__ACTIVITY__
If a line in the entries below holds the string "that", copy it.

Records from a data source
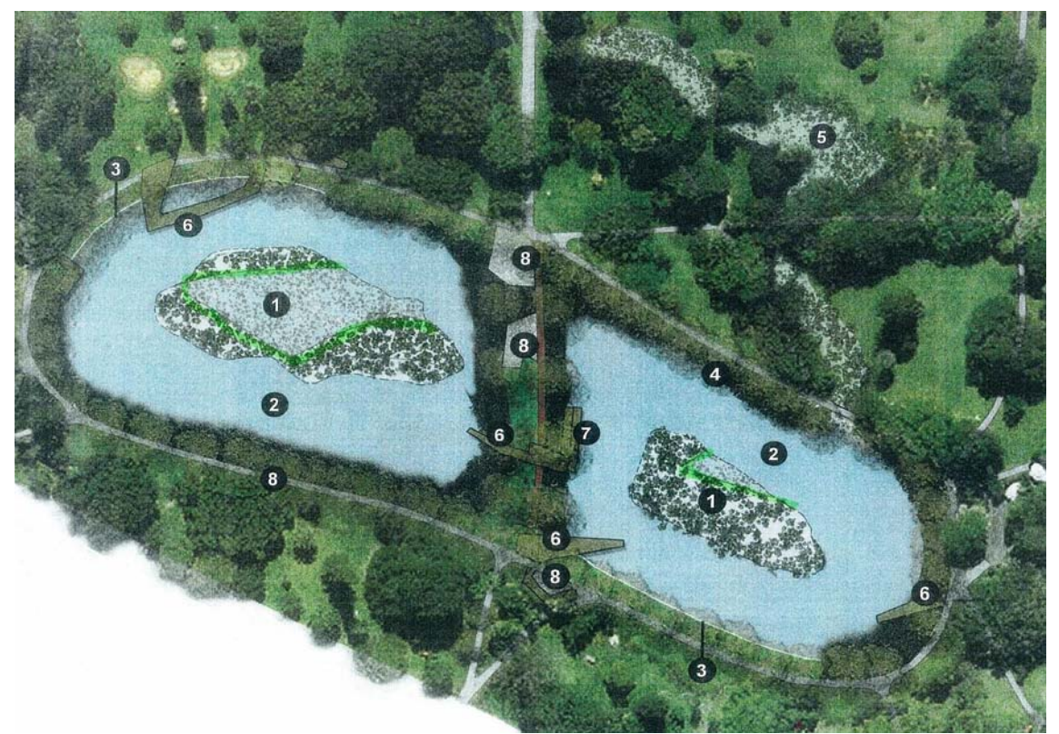
Plan of Syrinx Option 2: The "Ornamental" Permanent Water Solution:

Based on the desired water level in the Lakes, the supplementary water volume will have to be determined. It is expected that the necessary volume would be approximately 20ML to 25ML per annum.
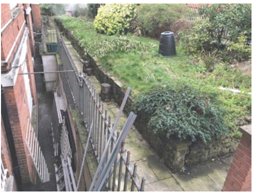
2. Path & Planting adjacent to north-west elevation
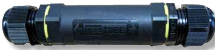
IN-LINE JOINER FCN-16250
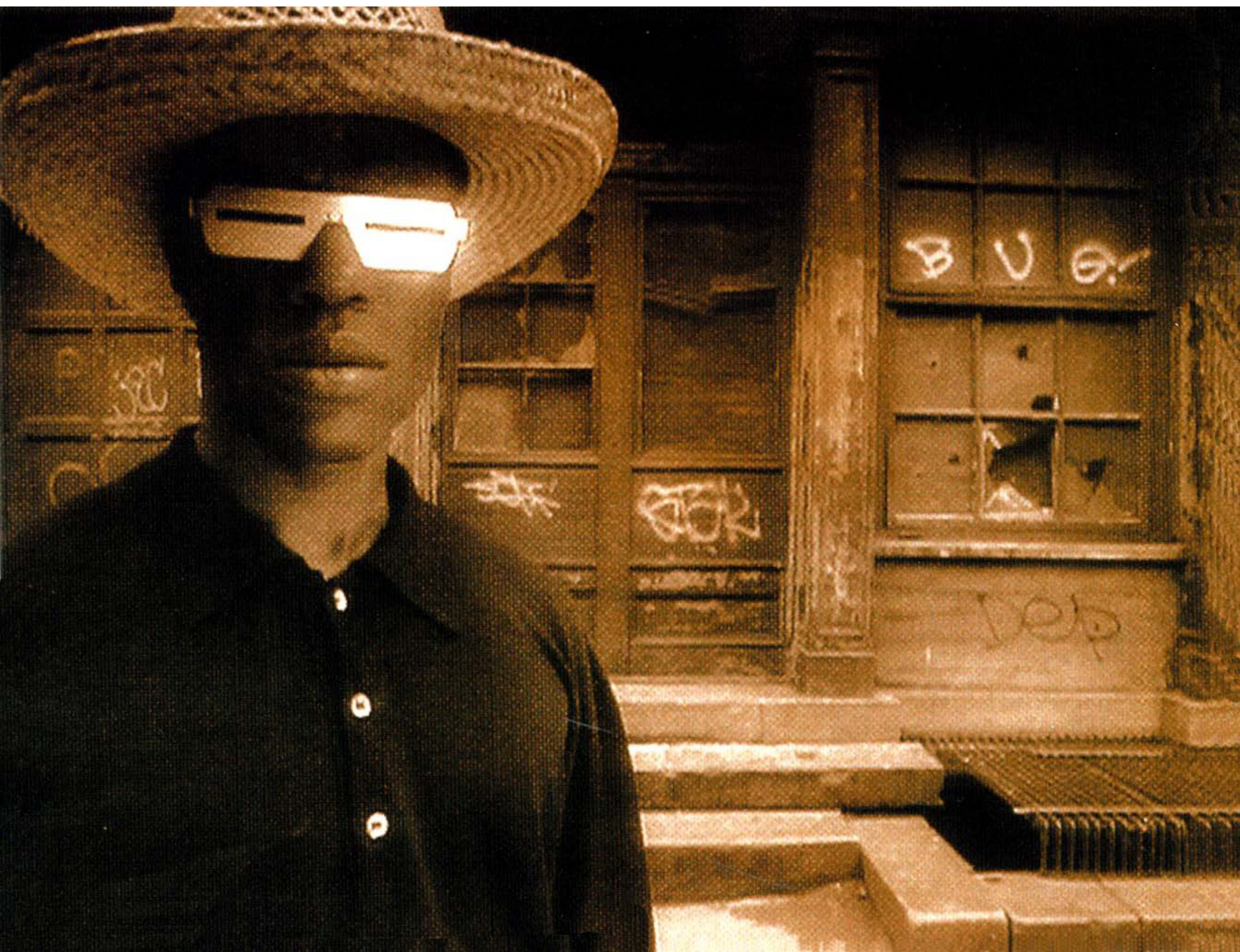
Who needs a Heart , 1995, BAFC Films

ly coherent landscape, the cues from Braxton, Coleman, and Coltrane evoke harmonious discord and tempered dissonance, an era in which beauty and ugliness exist in an incongruous unity. The hushed prayerful vocalisms of Anthony Braxton's (840m) Realise 44m , tint the air with foreboding in Millie's departure from hospital. In the liner notes to his 1968 debut Three Compositions for New Jazz , Braxton wrote "We are on the verge of the fall of Western values." 14
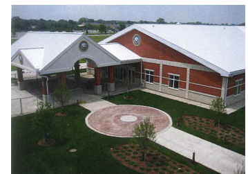
NAVFAC Camp Porter-Visitor Center
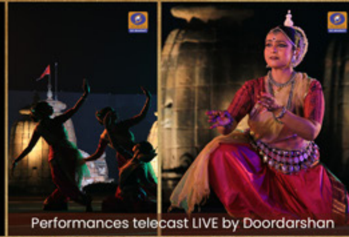
Performances telecast LIVE by Doordarshan
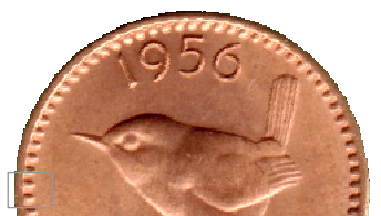
Fig 8: Longer Edge Beading
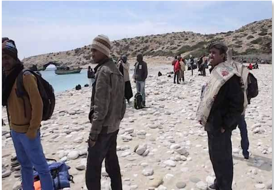
In April of this year, 140 illegal migrants landed on the Greek island of Gavdos (population 152).

Hungarian lawmakers on July 6 voted 151 to 41 in favor of building a 4-meter-high (13-foot) fence along the 175-kilometer (110-mile) border with Serbia. The measure aims to cut off the
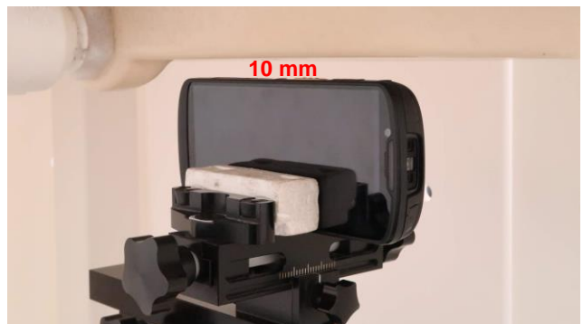
Left Side at 10 mm
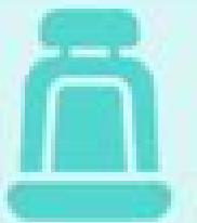
Seats and Seatbelts
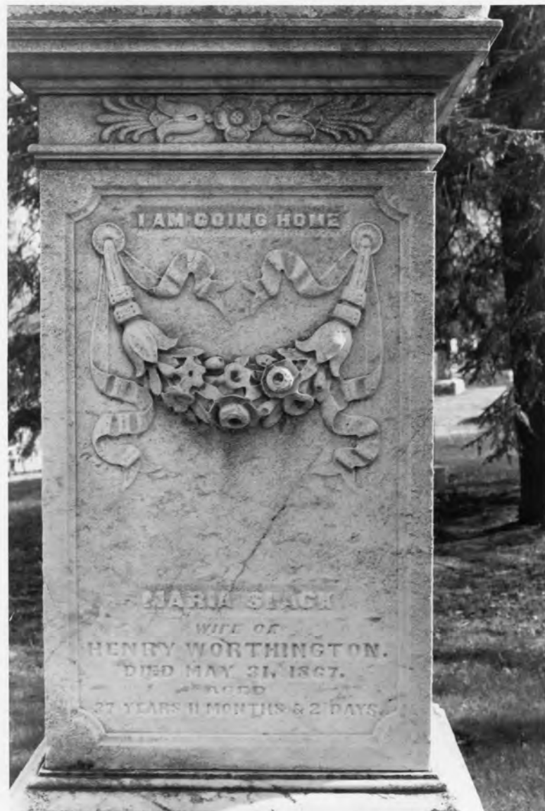
Fort Mitchell, KY M.P.S. Photo 9 Highland Cemetery Historic District
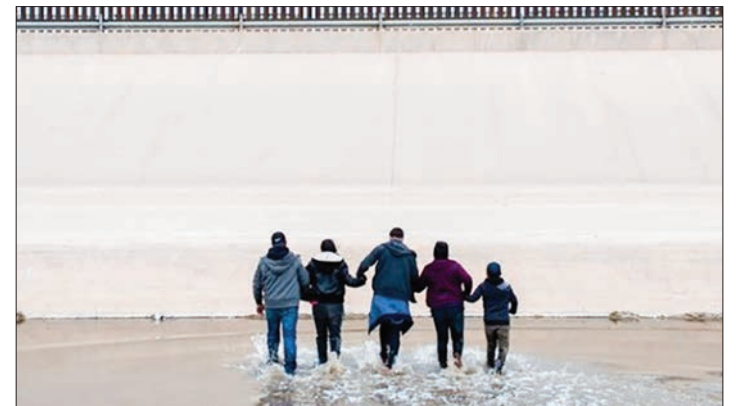
The US government is ending a public health order that has limited asylum at the border, which was introduced after the COVID-19 outbreak in 2020.

THE US government is ending a public health order that has limited asylum at the border, which was introduced after the COVID-19 outbreak in 2020, reported Xinhua.
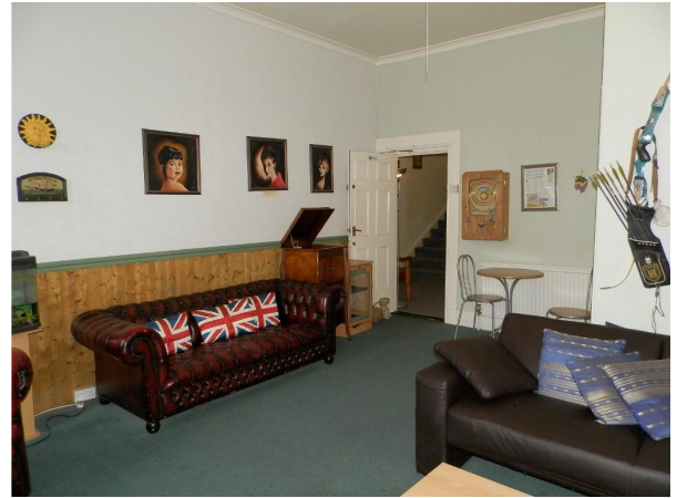
Guest Lounge / Bedroom 6
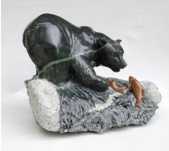
One Scoop or Two
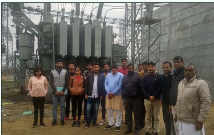
Students Visit at DHBVNL, Bahal (Bhiwani)

An industrial visit to Dakshin Haryana Bijli Vitran Nigam Ltd. (DHBVNL) Bahal was organized on 27th January 2020 by the department of Electrical Engineering under the guidance of Dr. Vivek Kumar, Associate Professor & HOD. Students are able to learn practical knowledge about power distribution and different protection devices used in substation. They received the information to read the one line diagram of power substation using different symbols used in diagram. Students gained practical knowledge of transformer as how to step down the voltage from 132 KV to 11 KV.
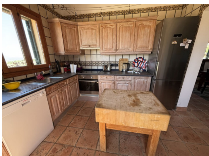
Fully equipped kitchen Living area with fireplace All information is correct to the best of our knowledge. Errors and prior sale excepted. This prospectus is purely for information purposes. Only the notarized deed of sale is legally binding.
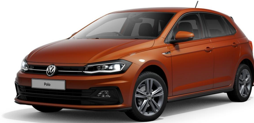
TSI R-Line DSG shown
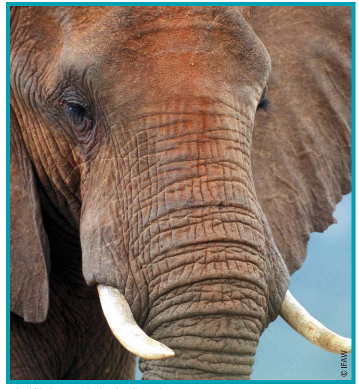
Carved ivory jewellery comes at a great cost - elephants must be killed to supply the deadly trade.

Elephants in Africa and Asia are endangered, victims of rampant poaching for the ivory trade. African elephant numbers plummeted from an estimated 1.3 million to 625,000 during the 1980s because of widespread ivory poaching. Fuelled by the demand for their sought-after "hard" ivory, poaching has significantly changed the population dynamics of Asian elephants, which are estimated to number just 35,000 to 50,000 in the wild. Forest elephants in Central and West Africa are also vulnerable because of poaching for ivory and bushmeat, combined with habitat loss.
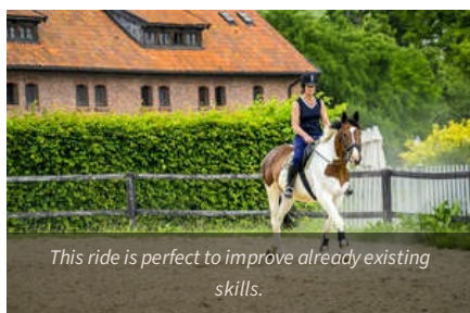
This ride is perfect to improve already existing skills.
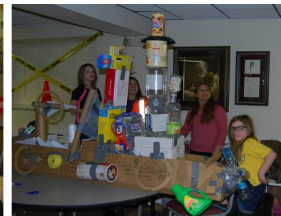
Construction Night at LOGOS
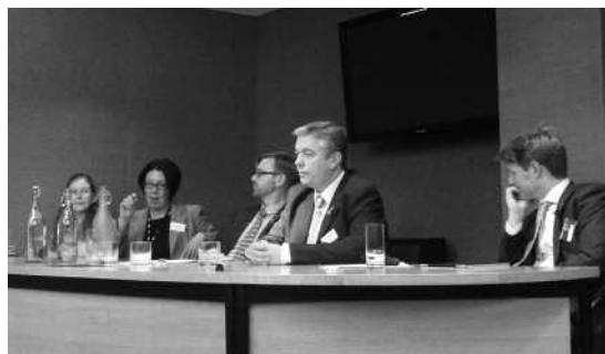
The panel answers questions
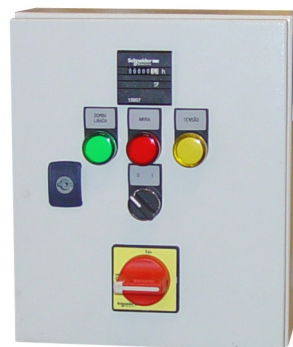
Control Box for one suction pump Simplex system
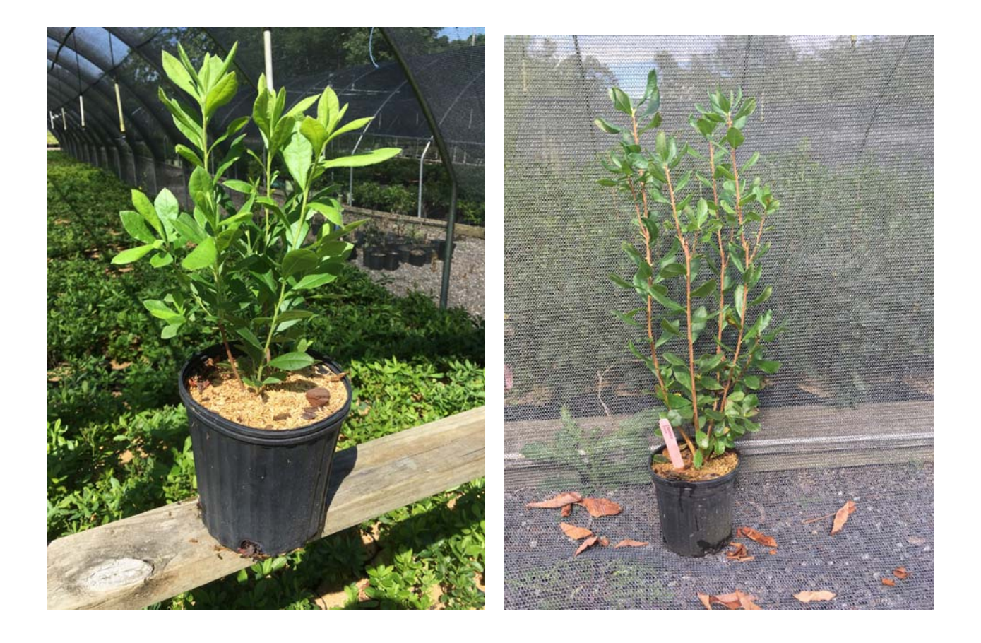
Figure 8. Growth of 1-gal Rhododendron atlanticum on June 6 (left) and September 28 (right); seedlings were transplanted on March 22, 2018.
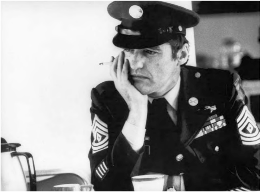
Dennis Hopper in TRACKS
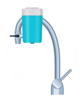
Faucet Attachment Filter

Examples of what different filter styles look like:
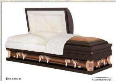
RIDGEFIELD, 18 GAUGE Rosetan Crepe Interior $3,895
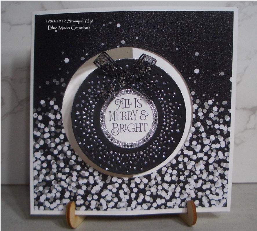
Silver Confetti 6" x 6" Swing Fold Card

__EXERCISE SOLUTION__
Based on the desired water level in the Lakes, the supplementary water volume will have to be determined. It is expected that the necessary volume would be approximately 20ML to 25ML per annum.
The US government is ending a public health order that has limited asylum at the border, which was introduced after the COVID-19 outbreak in 2020.
THE US government is ending a public health order that has limited asylum at the border, which was introduced after the COVID-19 outbreak in 2020, reported Xinhua.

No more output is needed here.